If you have a scraper you want to run on a cadence, you have probably reached for setInterval and watched it drift off the clock, or worse, seen two runs collide and clobber each other's output. A scheduled job corrupts itself in two ways: a tick fires while the previous run is still going, and a second copy of the process starts from a redeploy or a manual test. Both are common once a scrape outlives a single hand-run, and a named-timezone cron plus a cross-process lock closes off both.

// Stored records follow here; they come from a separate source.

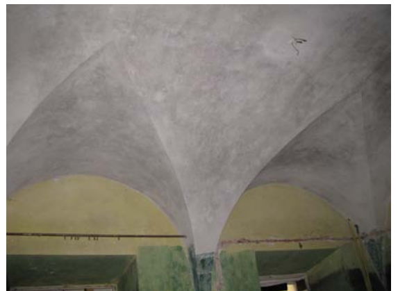
Skliautų patalpoje 1-24 fragmentas
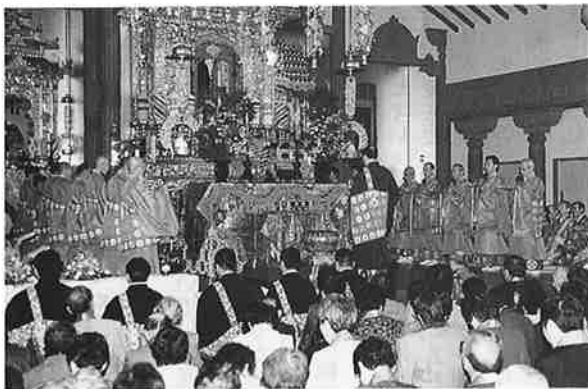
十一句念仏で座前立列の結衆
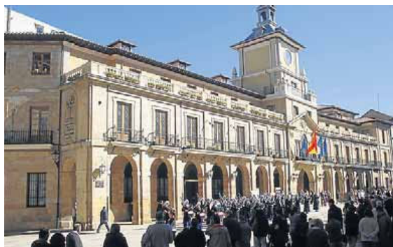
El Ayuntamiento centra muchas de las preocupaciones. :: M. R.

Cuesta asegura que no le gustaría que el próximo Ministro de Justicia que ocupe el cargo, hiciese oídos sordos a las reivindicaciones del colectivo que representa. «La persona que se haga con la nueva cartera de Justicia debe de contar de manera significativa con la abogacía, sobre todo en lo que afecta al colectivo». El responsable del Decanato del Colegio de Abogados de Oviedo pone dos ejemplos. «Se debe agilizar, ya, la puesta en marcha de la ley de Colegios Profesionales». Esta normativa fue retirada de la agenda política, en mayo de 2015,
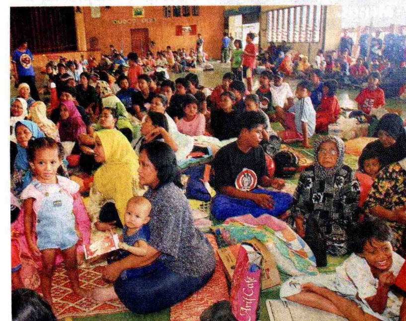
MANGSA BENCANA ALAM: Sebahagian mangsa banjir dipindahkan di pusat pemindahan di Sekolah Rendah Jenis Kebangsaan Cina Pu Sze di Skudai.
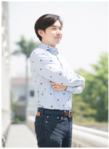
NO.12 高市議壇第十二期 / 議員講堂
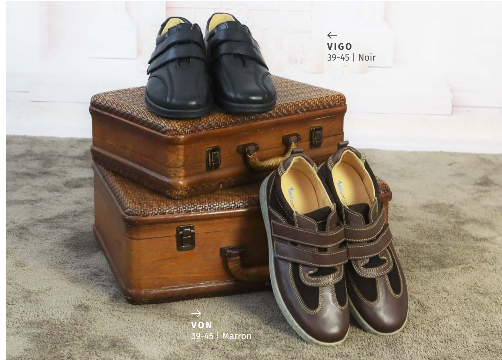
← VIGO 39-45 | Noir
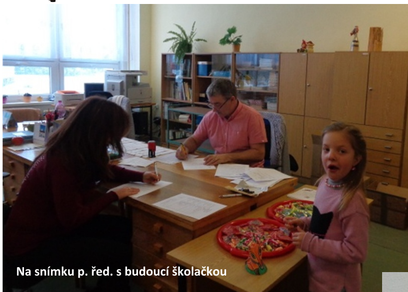
Na snímku p. řed. s budoucí školačkou

15. 1. a 16. 1. 2016 se konal zápis do prvních tříd. Některé třídy a i naše 7. A vyrobily dárečky pro budoucí prvňáčky. My jsme udělaly domečky, které vypadaly jako škola.

The solution is to fire the scrape on a cron expression pinned to a named timezone and guard the work with a cross-process lock, so the cadence stays true to the clock and only one run ever touches the data at a time. That gives you a schedule that lives in code next to the scraper, in about 60 lines of Node.js with node-cron and proper-lockfile.

Key terms

  • Cron expression. A compact schedule string like */15 * * * * that node-cron evaluates against the clock to fire the job on a fixed cadence.
  • Cross-process lock. A lock held as a real file on disk, so a second process can see it and skip rather than run the same job twice.
  • stale timeout. The age after which proper-lockfile treats a lock as abandoned, so a run that crashed without releasing does not block the schedule forever.
  • noOverlap. A node-cron option that skips a tick when the previous run is still going, guarding against overlap inside a single process.
  • Named timezone. An explicit zone like Etc/UTC passed to the scheduler so the same expression fires at the same real moment on every machine.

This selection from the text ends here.